◆ Exercise
The output should match, line for line, the records from the line containing "تحويل القميص الخاص" through the line containing "Mit viel Geduld", with every picture left out.

◆ Records to use
#####

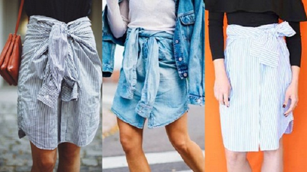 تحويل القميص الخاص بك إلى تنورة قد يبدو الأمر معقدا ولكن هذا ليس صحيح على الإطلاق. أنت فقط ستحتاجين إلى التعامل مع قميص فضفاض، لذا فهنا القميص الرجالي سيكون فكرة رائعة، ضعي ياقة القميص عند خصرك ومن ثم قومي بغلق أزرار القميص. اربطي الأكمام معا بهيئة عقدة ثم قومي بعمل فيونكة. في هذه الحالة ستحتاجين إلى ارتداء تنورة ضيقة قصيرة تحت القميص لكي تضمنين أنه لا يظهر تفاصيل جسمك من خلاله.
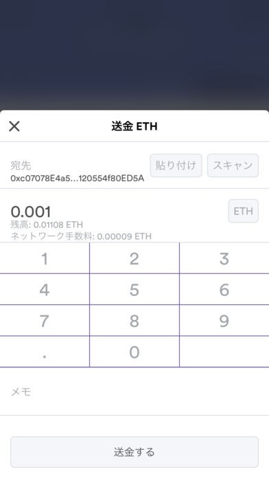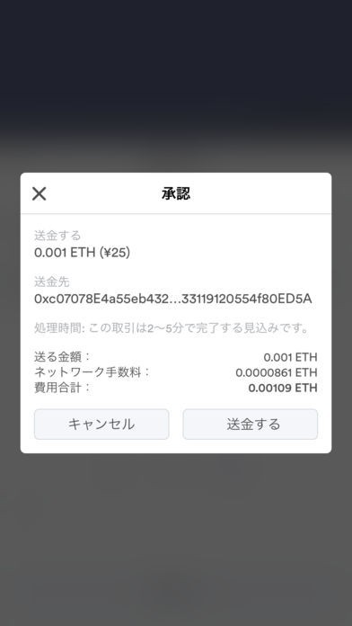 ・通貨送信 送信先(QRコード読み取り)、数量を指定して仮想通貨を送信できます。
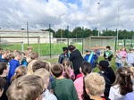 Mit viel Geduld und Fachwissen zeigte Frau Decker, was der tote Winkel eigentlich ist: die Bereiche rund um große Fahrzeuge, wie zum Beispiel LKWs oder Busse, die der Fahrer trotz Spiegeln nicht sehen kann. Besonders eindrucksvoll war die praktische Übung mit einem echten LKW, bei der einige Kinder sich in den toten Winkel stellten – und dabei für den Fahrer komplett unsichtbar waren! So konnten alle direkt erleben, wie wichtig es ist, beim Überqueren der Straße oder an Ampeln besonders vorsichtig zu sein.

#####

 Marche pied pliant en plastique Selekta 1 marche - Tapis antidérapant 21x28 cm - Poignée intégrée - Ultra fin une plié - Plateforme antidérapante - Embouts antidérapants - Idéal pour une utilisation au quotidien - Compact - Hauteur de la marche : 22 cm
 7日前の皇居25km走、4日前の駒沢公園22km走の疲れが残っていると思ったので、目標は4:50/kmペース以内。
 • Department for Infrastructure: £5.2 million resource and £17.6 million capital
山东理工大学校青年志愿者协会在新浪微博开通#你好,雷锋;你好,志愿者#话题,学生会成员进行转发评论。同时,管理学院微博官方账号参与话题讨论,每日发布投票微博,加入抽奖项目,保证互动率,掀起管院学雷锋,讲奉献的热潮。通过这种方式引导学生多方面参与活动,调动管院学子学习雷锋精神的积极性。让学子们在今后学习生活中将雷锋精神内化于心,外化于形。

#####

◆ Task response
 تحويل القميص الخاص بك إلى تنورة قد يبدو الأمر معقدا ولكن هذا ليس صحيح على الإطلاق. أنت فقط ستحتاجين إلى التعامل مع قميص فضفاض، لذا فهنا القميص الرجالي سيكون فكرة رائعة، ضعي ياقة القميص عند خصرك ومن ثم قومي بغلق أزرار القميص. اربطي الأكمام معا بهيئة عقدة ثم قومي بعمل فيونكة. في هذه الحالة ستحتاجين إلى ارتداء تنورة ضيقة قصيرة تحت القميص لكي تضمنين أنه لا يظهر تفاصيل جسمك من خلاله.
 ・通貨送信 送信先(QRコード読み取り)、数量を指定して仮想通貨を送信できます。
 Mit viel Geduld und Fachwissen zeigte Frau Decker, was der tote Winkel eigentlich ist: die Bereiche rund um große Fahrzeuge, wie zum Beispiel LKWs oder Busse, die der Fahrer trotz Spiegeln nicht sehen kann. Besonders eindrucksvoll war die praktische Übung mit einem echten LKW, bei der einige Kinder sich in den toten Winkel stellten – und dabei für den Fahrer komplett unsichtbar waren! So konnten alle direkt erleben, wie wichtig es ist, beim Überqueren der Straße oder an Ampeln besonders vorsichtig zu sein.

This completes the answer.